Try it – Output the first line below and each one after it, exactly, up to and including the line holding "在另一塊平整的草地上,中科院". Pictures should not be copied.

Data shown –
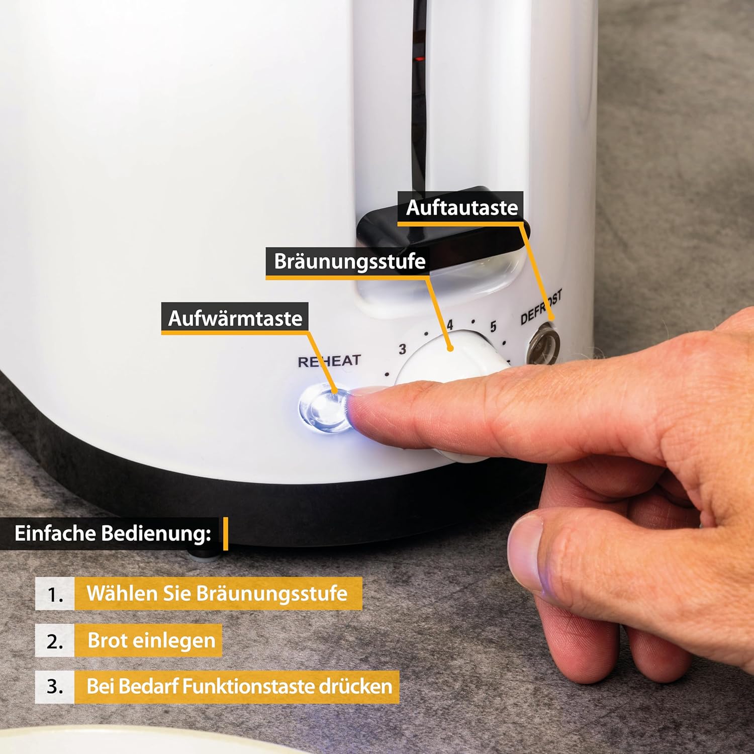 - FUNKTIONALES DESIGN: Knusprige Toasts, geröstetes Schwarzbrot, krosse Bagels und ofenwarme Brötchen - Der Toaster in dezentem Weiss toastet gleichmässig und erfüllt alle Ansprüche an ein modernes Gerät.
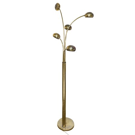 Piantana con struttura in metallo dorato a 5 luci, 70's
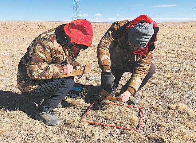 在另一塊平整的草地上,中科院西北高原生物研究所的賀福全和同伴正在采集植被樣本。賀福全說,他們的主要目標是了解這個區域草的長勢情況,并將植被樣本帶回實驗室進行分析,針對這塊草地的承載能力,測量草地產量,給直升機和無人機做地面驗證工作。
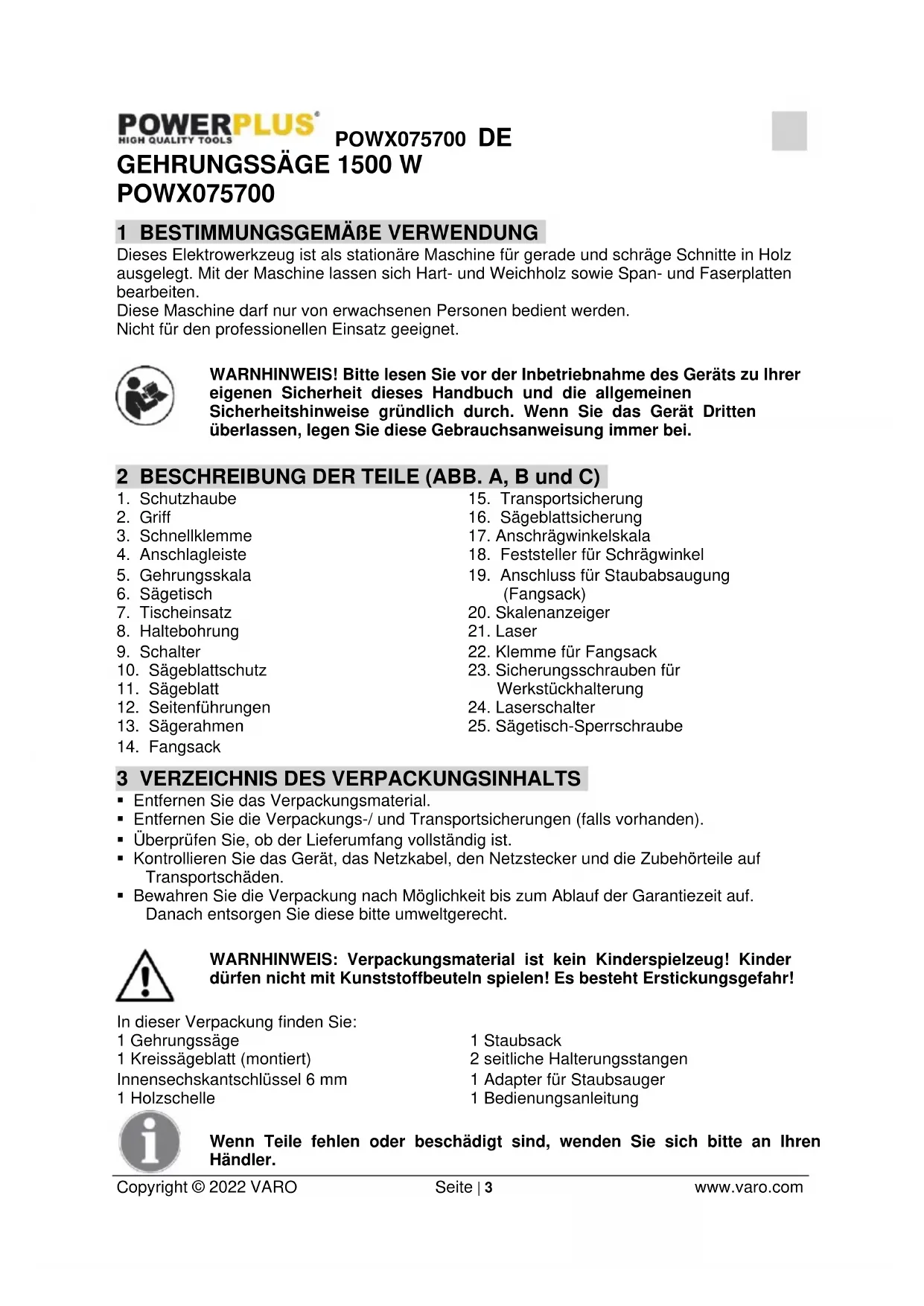 - Bewahren Sie die Verpackung nach Möglichkeit bis zum Ablauf der Garantiezeit auf. Danach entsorgen Sie diese bitte umweltgerecht. WARNHINWEIS: Verpackungsmaterial ist kein Kinderspielzeug! Kinder dürfen nicht mit Kunststoffbeuteln spielen! Es besteht Erstickungsgefahr! In dieser Verpackung finden Sie: 1 Gehrungssäge 1 Kreissägeblatt (montiert) Innensechskantschlüssel 6 mm 1 Holzschelle 1 Staubsack 2 seitliche Halterungsstangen 1 Adapter für Staubsauger 1 Bedienungsanleitung Wenn Teile fehlen oder beschädigt sind, wenden Sie sich bitte an Ihren Händler.POWX075700 DE Copyright © 2022 VARO Seite | 4 www.varo.com

Solution for this exercise –
 - FUNKTIONALES DESIGN: Knusprige Toasts, geröstetes Schwarzbrot, krosse Bagels und ofenwarme Brötchen - Der Toaster in dezentem Weiss toastet gleichmässig und erfüllt alle Ansprüche an ein modernes Gerät.
 Piantana con struttura in metallo dorato a 5 luci, 70's
 在另一塊平整的草地上,中科院西北高原生物研究所的賀福全和同伴正在采集植被樣本。賀福全說,他們的主要目標是了解這個區域草的長勢情況,并將植被樣本帶回實驗室進行分析,針對這塊草地的承載能力,測量草地產量,給直升機和無人機做地面驗證工作。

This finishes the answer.